** Task input **
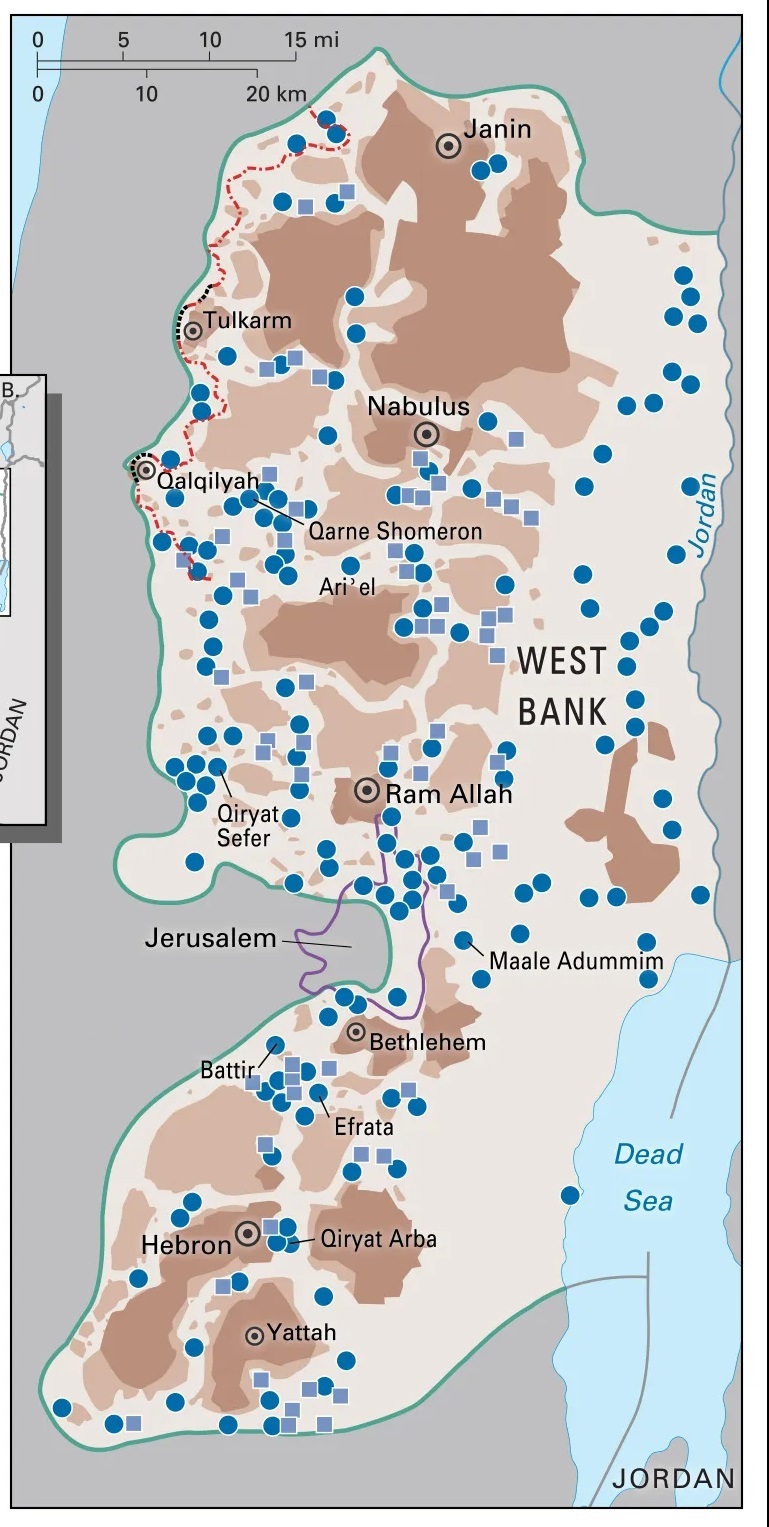 در کرانه باختری فلسطین حدود نیم میلیون یهودی اسرائیلی در شهرکهای اسرائیلی ساکن هستند.
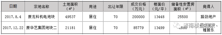 2017年8月4日,路劲地产以200000万元的总价摘得长岭山片区原龙科机电地块,竞价79轮,达到最高限价,溢价率约133.88%,楼面价为13448元/平+储备性安置房面积25500平。这个地块即璟园的璟悦府。
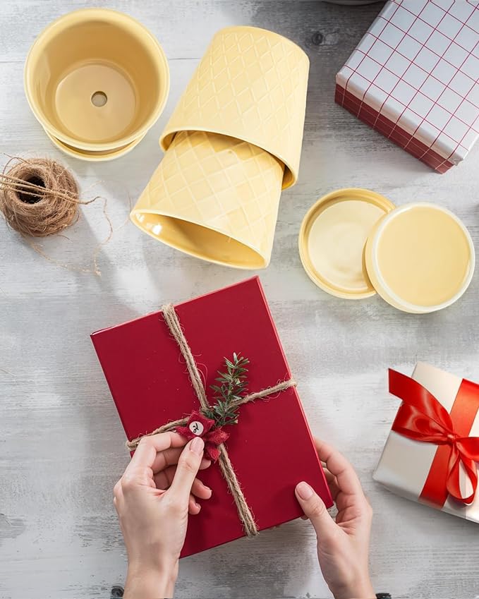 Ceramic Plant Pots –5 inch Indoor Flower Pot with Drainage Hole and Ceramic Tray - Gardening Home Desktop Office Windowsill Decoration Gift, Set of 4-Plants NOT Included(Yellow)
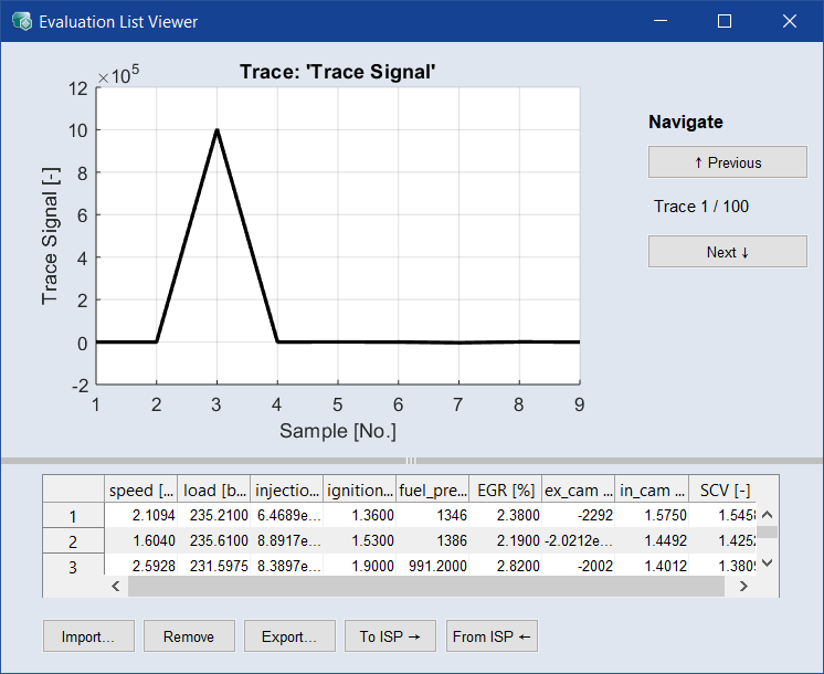 Evaluation List Viewer ウィンドウには以下のエレメントが含まれます。
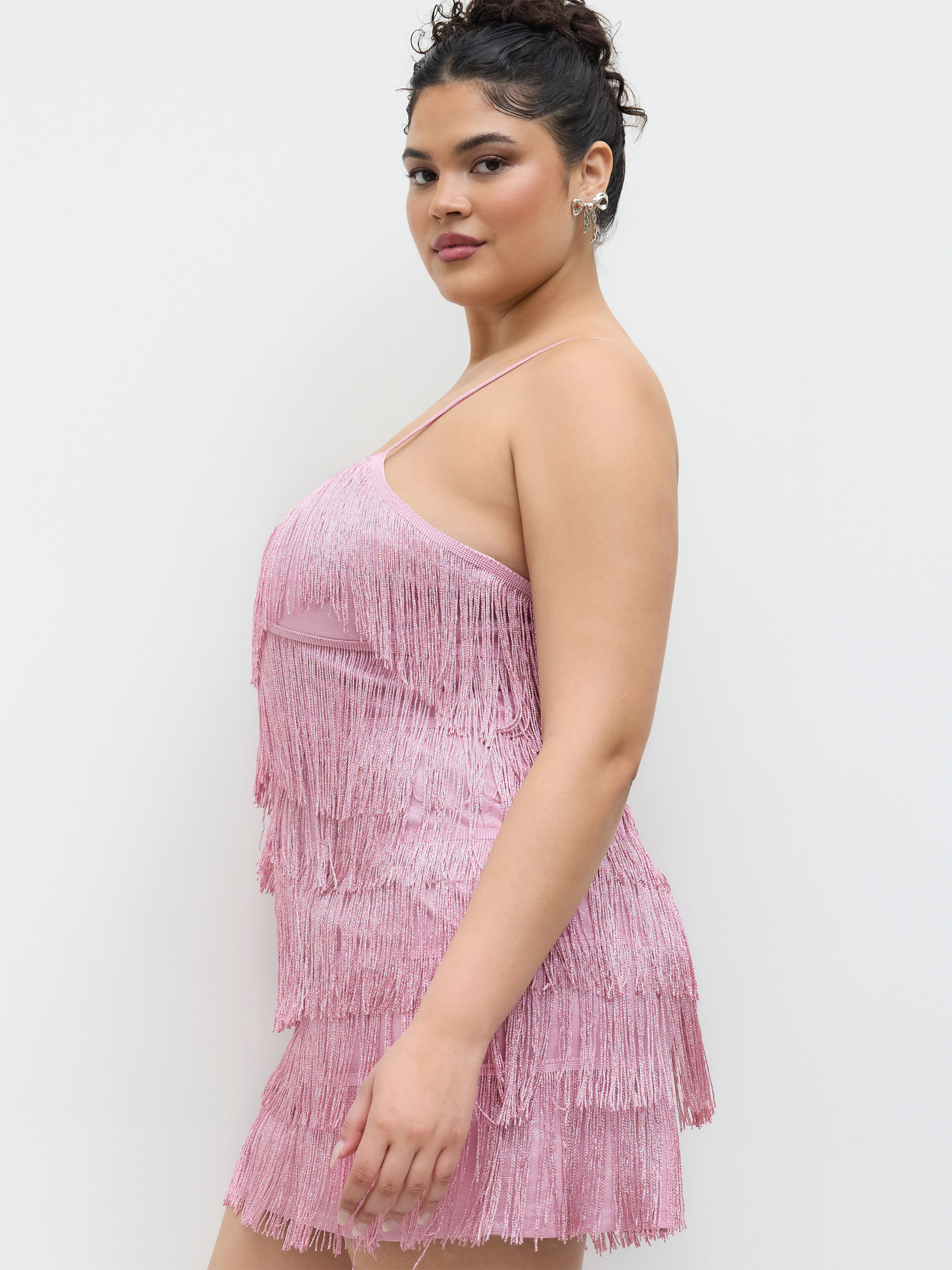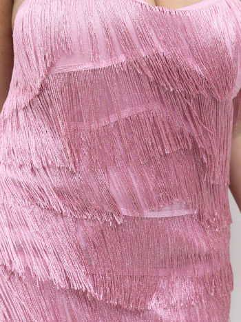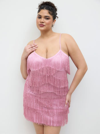 Mini abito a strati con nappe e scollo a V Taglie Curve & Plus
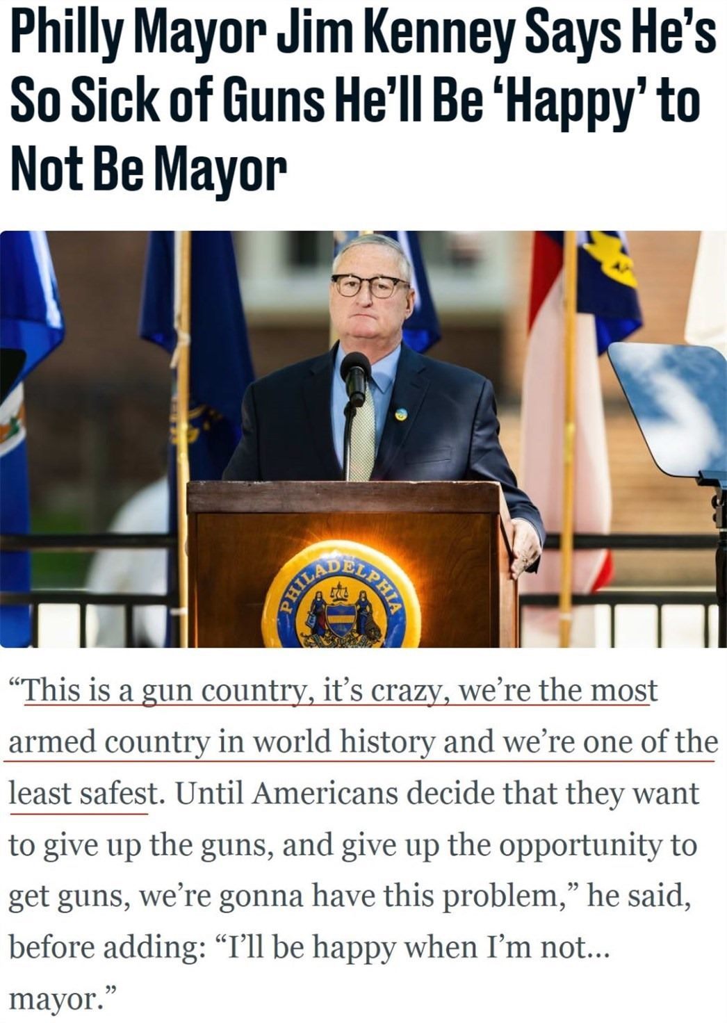 對(duì)于如此夸張的數(shù)據(jù),美國(guó)費(fèi)城前任市長(zhǎng)吉姆·肯尼曾無(wú)奈地感嘆,美國(guó)是槍支王國(guó)。
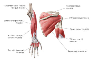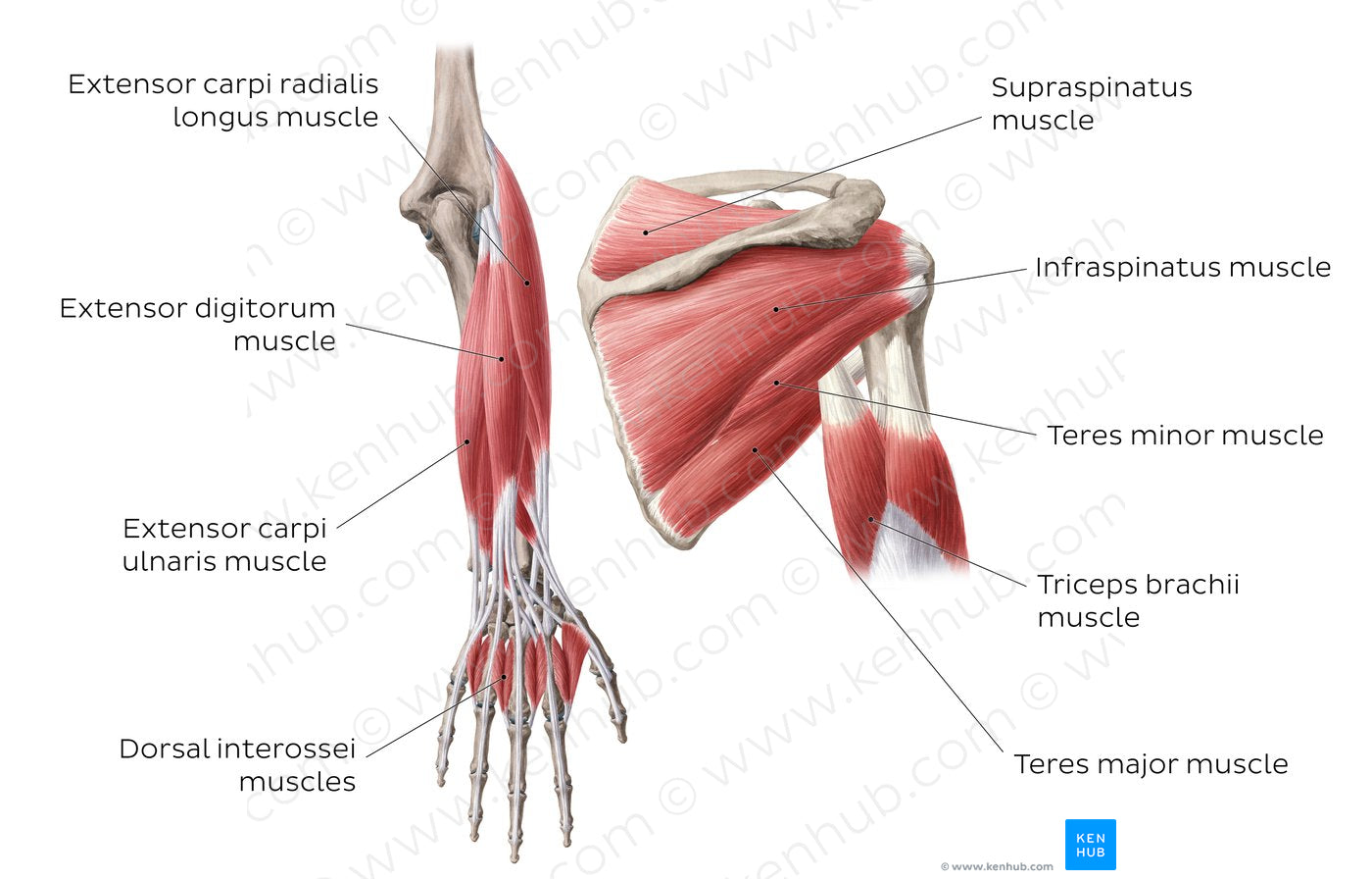 On the posterior aspect, the posterior compartment of the arm can be appreciated. The only muscle in this region is the triceps brachii muscle, the main extensor of the forearm. Moving distally, the muscles of the posterior compartment of the forearm can be seen, which act as the extensors of the hand. Some of the main extensor muscles include the extensor digitorum and brachioradialis. Lastly, the main muscles of the posterior aspect of the hand are the dorsal interossei muscles.
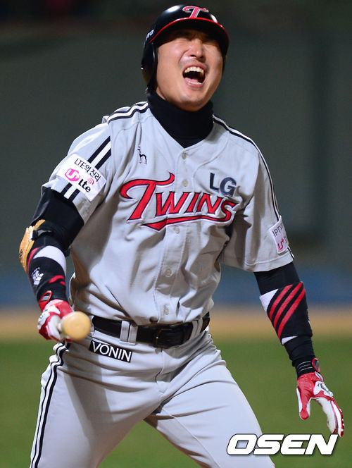 17일 오후 광주구장에서 '2013 한국야쿠르트 세븐 프로야구' KIA 타이거즈 대 LG 트윈스의 경기가 열렸다. 7회초 LG 공격 1사 2루 상황에서 5번 이진영이 좌익수 플라이를 날리고 아쉬워 하고 있다.
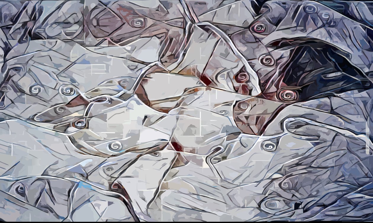 Um pouco escondidos na imagem estão vários rostos a beijarem-se. Ou é sempre o mesmo rosto a beijar-se a si próprio?
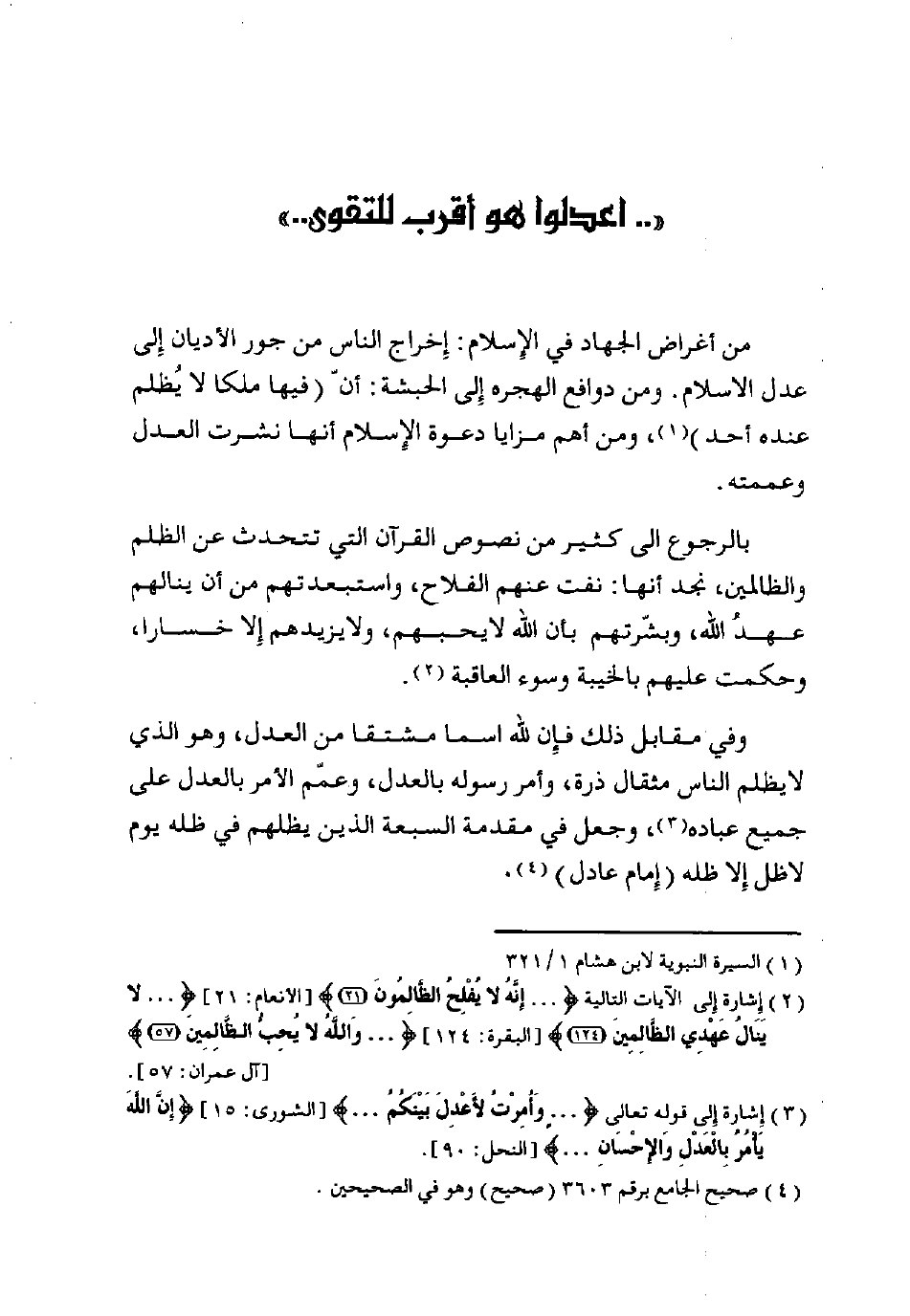 (¬3) إشارة إلى قوله تعالى: {وَأُمِرْتُ لِأَعْدِلَ بَيْنَكُمُ} [الشورى: 15] {إِنَّ اللَّهَ يَامُرُ بِالْعَدْلِ وَالْإِحْسَانِ} [النحل: 90].
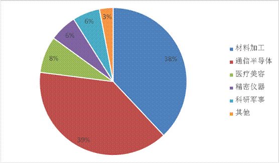 從全球范圍看,全球激光市場(chǎng)劃分中最大的細(xì)分市場(chǎng)為材料加工和光刻,2016年占比39%;通信和光存儲(chǔ)占比38%??蒲泻蛙娪?、醫(yī)療和美容、儀器儀表和傳感器,以及娛樂(lè)、顯示和打印細(xì)分市場(chǎng),分別排在第三至第六位。
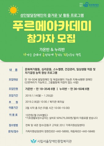 모집 대상은 만 18세~50세 발달장애인 및 독립보행이 가능한 지체장애인, 뇌병변장애인으로 가온반(만 18~35세) 6명, 누리반(만 36~50세) 6명을 모집한다. 모집 기간은 1월 14일(월)부터 25일(금)까지이고 이용료는 15만원이며 기초생활보장수급자는 50% 할인이 적용된다.
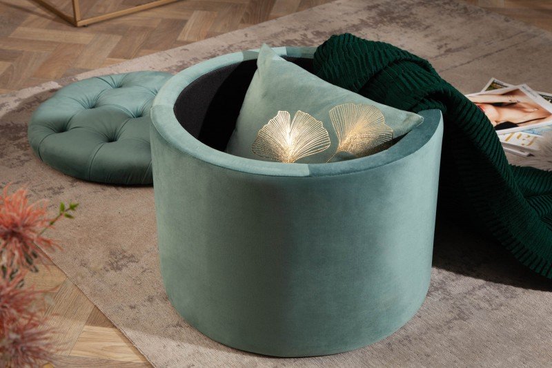 Švelnus ir skoningai žėrintis aksomo pufas, Jūsų stiligiems namams.
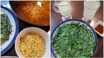 부추전, 라면, 막걸리

** Task to carry out **
Could you repeat word for word only the lines from the one that contains "Švelnus ir skoningai" through the end of the listing, leaving out the pictures?

** Answer box **
 Švelnus ir skoningai žėrintis aksomo pufas, Jūsų stiligiems namams.
 부추전, 라면, 막걸리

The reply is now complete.